Quando ainda estava no seminário, o seu bispo decidiu enviá-lo para estudar em Pamplona graças à ajuda dos parceiros, benfeitores e amigos da Fundação CARF, onde estudou primeiro o Bacharelato Teológico e depois a Licenciatura em Teologia Bíblica.
«A minha experiência foi muito agradável, a formação que recebi no Seminário internacional Bidasoa ajudou-me a consolidar a minha resposta ao chamamento que Deus me fez. O O acompanhamento pessoal do meu diretor espiritual e dos meus formadores foi para mim um instrumento muito especial. para a minha formação. Aprendi muito com eles, sobretudo a perseverança de permanecer unido ao Senhor na oração e no trabalho», confessa.
Teve a mesma experiência durante a sua passagem pela Universidade de Navarra. Admite que, no início, lhe foi difícil adaptar-se aos métodos de estudo e de ensino, bem como ao elevado nível de formação desta universidade. Mas com o passar do tempo e o apoio dos formadores, garante-nos que conseguiu colher os muitos frutos da sua estadia aqui.
«Os estudos realizados em Pamplona foram um instrumento muito bem-vindo para a minha experiência ministerial. A nível pessoal, os estudos teológicos ajudaram-me a assentar bases sólidas na minha fé, porque a compreensão da doutrina da Igreja permite-me entrar em diálogo com a realidade em que vivo e em que o mundo se encontra hoje; uma realidade que está em constante mudança e que exige de mim como cristão, colocar Deus em primeiro lugar na minha vida para lidar com situações tão complexas que muitas vezes nos são apresentadas disfarçadas de bem», explica aos leitores da Fundação CARF.

A esta experiência acrescenta mais bens espirituais, pois considera que, graças ao testemunho de oração que encontrou em Bidasoa e na Universidade de Navarra, recebeu ferramentas importantes para «me comprometer a transmitir esse mesmo testemunho num mundo onde a relação com Deus pode tornar-se superficial ou escassa».
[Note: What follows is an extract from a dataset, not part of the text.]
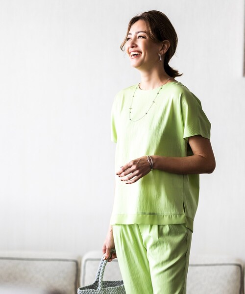 ■昨年、大好評「褒められパンツ」とベストなセットアップブラウス 【デザインポイント】 INDIVIで一番人気のタックテーパードパンツと同素材でお作りしたブラウスです。 ゆとりのあるサイジングですが、素材に落ち感があるのですっきりとシャープに見えます。 裾を同色のシフォンで切り替えているのでデザインアクセントになり着映えするTシャツ型ブラウスとしてヘビロテして頂けます。 素材は上品さのある光沢感と今っぽい表情の表面感がポイントです。 【スタイリングポイント】 同素材のパンツ(127-61013)とセットアップで合わせる事で、簡単にこなれ感のあるお洒落なスタイルが完成します。 仕事着のカジュアル化に合わせたキレイめスタイルとして気負わないリラクシー感のあるブラウスセットアップがおすすめです。 アクセを足して頂けるとセレモニー用としても活躍します。 【素材ポイント】 強く撚られたのキュプラを使用し、本来の光沢感をおさえ、深みのある発色と微光沢性を持たせた良質素材です。 シボ感とさらりとした素材由来の風合、着心地に拘ったキックバックの良いストレッチ性が特徴です。 ※こちらの商品はやや透け感があるため、インナーの着用をおすすめします。 【生地詳細】 透け感:ややあり 伸縮性:ややあり 生地の厚み:普通 裏地:なし 洗濯方法:洗濯機洗い可 こちらの商品は主に春夏に着用いただける商品です。 モデル情報:身長167cm B78 W61 H87 着用サイズ:38(M) 店舗へのお問い合わせ商品番号:127-86006 ●製品寸法: 05(XXS):着丈56cm B95cm 裄丈36cm 12(LL):着丈63cm B117cm 裄丈43cm 13(LL):着丈63cm B121cm 裄丈44cm 15(3L):着丈63cm B125cm 裄丈44cm 34(S):着丈60cm B103cm 裄丈38cm 38(M):着丈61cm B109cm 裄丈39cm 備考:

Desses anos guarda uma recordação especial que marcou o seu ministério sacerdotal: a morte de Don Juan Antonio Gil Tamayo, um sacerdote «alegre, dedicado, inteligente e com um carisma muito especial», que teve como formador em Pamplona.
«Foi um período difícil para nós, seminaristas, e para todo o seminário em geral. Mas resta-me a agradável experiência de ter conhecido um ser humano tão especial, um sacerdote que, apesar da dificuldade dos seus sofrimentos, nunca se queixou, pelo contrário, viveu os seus últimos anos numa generosa dedicação a Deus».
«Lembro-me das palavras que um professor pronunciou na faculdade pouco depois da morte de Dom Juan Antonio: "um santo andou por aqui". Este acontecimento marcou profundamente a minha vida, primeiro como seminarista e agora como sacerdote», recorda Saúl com emoção.
Estes anos de ministério permitiram-lhe conhecer os grandes desafios que os padres enfrentam. Assim, sublinha que durante estes anos experimentou que «como padre, é preciso só uma coisa: estar em comunhão com Deus».
Acrescenta que a vida dos sacramentos e da oração é o que «fortalece o ministério sacerdotal para poder entregar-se plenamente ao povo que Deus nos confia». E adverte: «tudo o que não vem de Deus para o sacerdote, longe de o fortalecer, evidentemente o enfraquece e o perde. Fora de Deus, nada; com Deus, tudo».
Por fim, Saúl Ruiz tem uma recordação muito carinhosa para os benfeitores e amigos da Fundação CARF: «Nunca se canse de colaborar nesta grande fundação. Pode ter a certeza de que a sua ajuda está a dar frutos abundantes em muitas partes do mundo. Mas, acima de tudo, rezai! A vossa missão não termina com cada curso de formação, a vossa missão prolonga-se sempre na oração por cada seminarista e sacerdote que recebeu a vossa preciosa ajuda na nossa formação sacerdotal. Muito obrigado.